Item selection process

The objectives of the item reduction process were to create a significantly shorter version of the SarQoL questionnaire that would represent as much of the conceptual model of the Overall QoL score of the original questionnaire as possible, and thus also be highly correlated with the same score.

The item selection process was carried out in two phases, presented in Fig. 1. The first phase served to collect and collate as much information on the properties of the items and domains in the SarQoL questionnaire. This phase started off with the calculation of item-impact scores to determine which items in the SarQoL questionnaire are the most relevant and impactful for sarcopenic people. For this purpose, we combined data collected in Brazil, the Czech Republic, the UK, Belgium (two separate cohorts), Poland, Spain and Switzerland. All data were collected in non-interventional studies (transversal and cohort) from community-dwelling older people (60 years and older) who were evaluated for sarcopenia according to the EWGSOP criteria [22]. In total, data from 1950 participants were included in this dataset, of which 267 were diagnosed as sarcopenic. By calculating the prevalence of an item occurring (those that experienced an item divided by those that did not) and dividing this by the mean impact, a ranking was established from most relevant and impactful to least [23]. The first phase of the item selection process continued with a 2-round modified Delphi method, so that the patient’s perspective quantified by the item-impact scores could be complemented with the opinion of health care professionals and researchers. We targeted researchers and clinicians involved in sarcopenia research who had previous experience with the SarQoL questionnaire, through use, translation, validation or development, and invited them to participate. The participants were provided with an Excel file wherein they were able to categorize each of the 55 items as either “must absolutely be kept in a short form” or “could be discarded”. Items were organized and presented per domain. In the second round, the participants were once again asked to categorize the items in the SarQoL questionnaire (keep or discard), but were now also provided the item-impact scores as well as the percentage of participants who agreed on whether to keep or discard an item in the first round. Consensus at the end of the second round was defined as 70% agreement. During both rounds, participants were able to add comments on their choices. The information from the Delphi method, the item-impact scores, and the already published information concerning the clinimetric properties of the SarQoL questionnaire was summarized into a report at the end of the first stage.

Fig. 1
figure 1

Development of the SF-SarQoL

In the second phase of the item reduction process the report compiled at the end of phase one was presented to an expert group consisting of researchers specialized in sarcopenia and QoL, a clinical practitioner and a questionnaire methodologist (AG, CB, OB, ML, CM, SG). These discussed the available information and decided on the inclusion or exclusion of a number of items. As recommended in the guidelines formulated by Goetz et al., the expert group was asked to consider content validity (i.e. the results from the item-impact study and the Delphi method) as having the most weight in the decision-making process, followed by clinimetric properties and finally any additional analyses (factor analysis, correlations, or subgroup analyses) that were performed. To ensure an important reduction of the length of the questionnaire, an arbitrary goal of at least a 65% reduction was chosen at the start of the selection process, while maintaining the relative weight of the seven domains in the SarQoL questionnaire.

Validation phase

Population and study design

For the validation of the SF-SarQoL, we contacted the 314 participants who had previously participated in the fourth and/or fifth year of follow-up of the SarcoPhAge (Sarcopenia and Physical impairment with advancing Age) study [24]. In short, this study recruited older, community-dwelling volunteers from the Liège province of Belgium, and invited them once a year for a battery of physical and other measurements. Given that sarcopenia was the main focus of the SarcoPhAge study, body composition, muscle strength and physical performance were evaluated at each visit with dual-energy X-ray absorptiometry, a hydraulic hand-dynamometer and the Short Physical Performance Battery. Details on the SarcoPhAge study design and results have been reported previously [24, 25]

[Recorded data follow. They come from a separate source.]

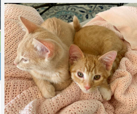
Our Cats, Rascal & Raggie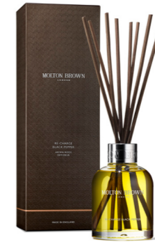
Re-charge Black Pepper Aroma Reeds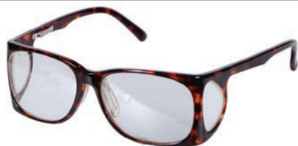
ITEM: LT5050 Wrap

These flexible safety frames can be adjusted for a more custom fit. The front of the frame is fitted snugly to the brow to help alleviate fluid run-off into the eyes. Weight: 75 grams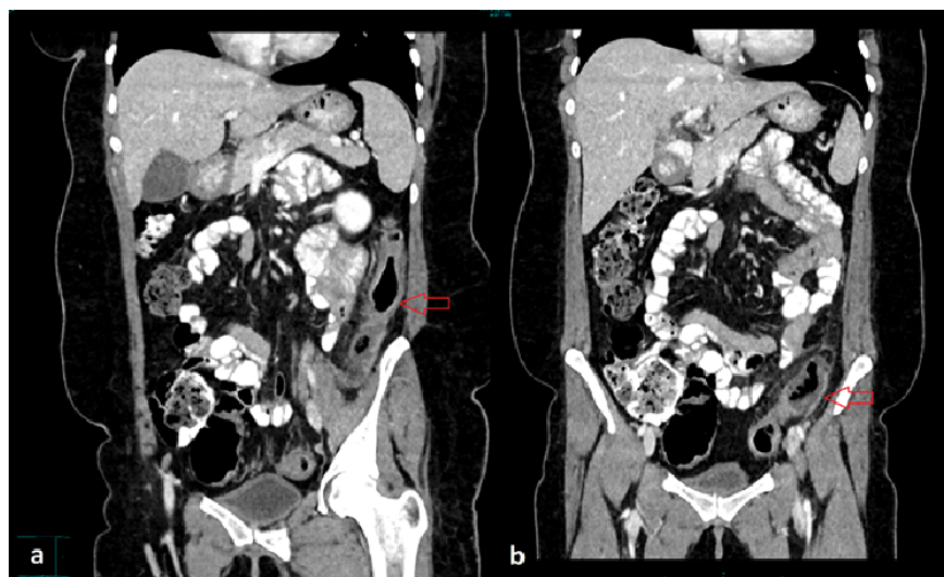
Figure 2: Coronal CT abdomen showing mural thickening and peri-colonic fat stranding in (a) descending colon and (b) sigmoid colon suggestive of ischemic colitis.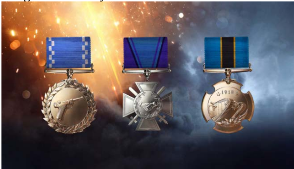
Image 9. Battlefield In-Game Rank-Increasing Medal Rewards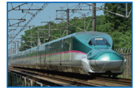
Tōhoku Shinkansen "HAYABUSA", "YAMABIKO", etc. Tōhoku Shinkansen (713.7 km) Train Names: HAYABUSA, HAYATE, YAMABIKO, NASUNO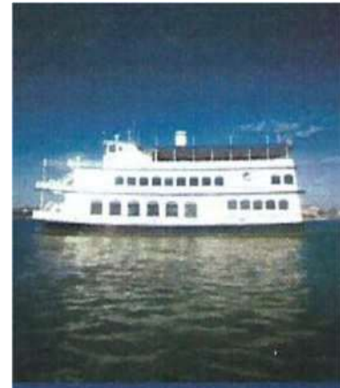
Cruise Around Charleston Harbor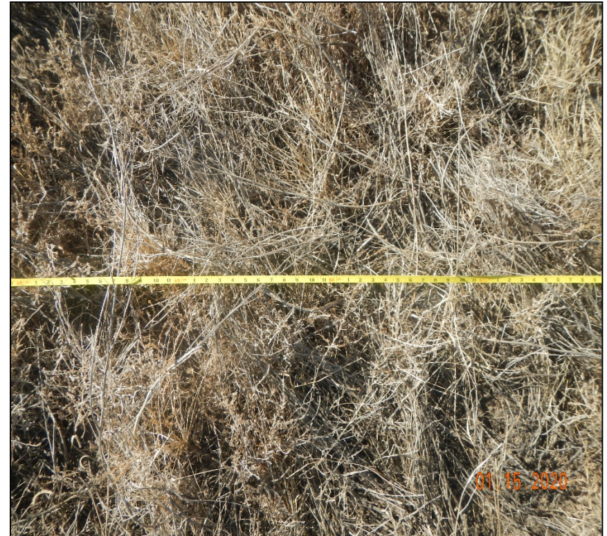
Photo 8. Ground cover at midpoint along the transect at the disturbed location. Vegetation at the location is predominately weed cover consisting of Kochia and Russian thistle.

We provided the participants, through the postal service, with study packets composed of the short form SarQoL questionnaire, the EQ-5D and EQ-VAS questionnaire which are preference-based measures of health status, and the original SarQoL questionnaire. The study packets were accompanied by an explanatory letter and a pre-stamped envelope with which to return the study documents [26]. The people who consented to participate and sent back the completed questionnaires received a second packet by mail about 10 days after the date on which they completed the first packet. The second study packet consisted of the SF-SarQoL and a query on whether their health had changed in the interval between the two administrations of the SF-SarQoL. Demographic and clinical data were obtained from the existing datasets collected during the fourth or fifth year follow-up visits of the SarcoPhAge study. Sarcopenia was diagnosed with the revised consensus criteria from the EWGSOP2 (handgrip strength below 27 kg for men or 16 kg for women, together with low muscle mass defined as appendicular skeletal muscle mass divided by height-squared (ASM/Ht2) < 7.0 kg/m2 for men or < 5.5 kg/m2 for women) [3]. The research protocol (no 2012/277) and its amendment (dated 19/12/2019) were approved by the Ethics Committee of the University Teaching Hospital of Liège.

Clinimetric properties from classical test theory

The clinimetric properties of the SF-SarQoL have been examined with the following indicators from classical test theory:

  1. (1)

    Item characteristics have been evaluated with percentage of missing responses. Floor and ceiling effects for the overall QoL score of the SF-SarQoL were considered to be present if more than 15% of respondents obtained the lowest (0 points) or highest (100 points) score [27].

  2. (2)

    Discriminative power (also known as known-groups validity), which measures an instrument’s ability to distinguish among distinct groups, has been examined in three separate comparisons: sarcopenic versus non-sarcopenic, probably sarcopenic (low grip strength in the EWGSOP2 algorithm) versus probably non-sarcopenic (normal grip strength), and at high risk of sarcopenia (SARC-F score ≥ 4) versus at low risk of sarcopenia [3, 28]. We expected to find significantly lower QoL scores on the SF-SarQoL for sarcopenic participants, those with low grip strength and those at high risk of sarcopenia. Significant differences in QoL were established with the Student t test or the Mann–Whitney U test, depending on normality of distribution of the scores. Point biserial correlation coefficients (r) were calculated to provide a measure of the strength of association between group status and QoL.

  3. (3)

    Internal consistency was measured with both the Cronbach’s alpha value and the McDonald omega value. We decided on this approach because the alpha value allows comparison to previous validation studies, while the omega value avoids some of the problems associated with the alpha value and is considered to be a more accurate reflection of internal consistency [29]. For both indicators, values between 0.7 and 0.95 indicate that the items in the questionnaire are closely interrelated and measure the same concept [27].

  4. (4)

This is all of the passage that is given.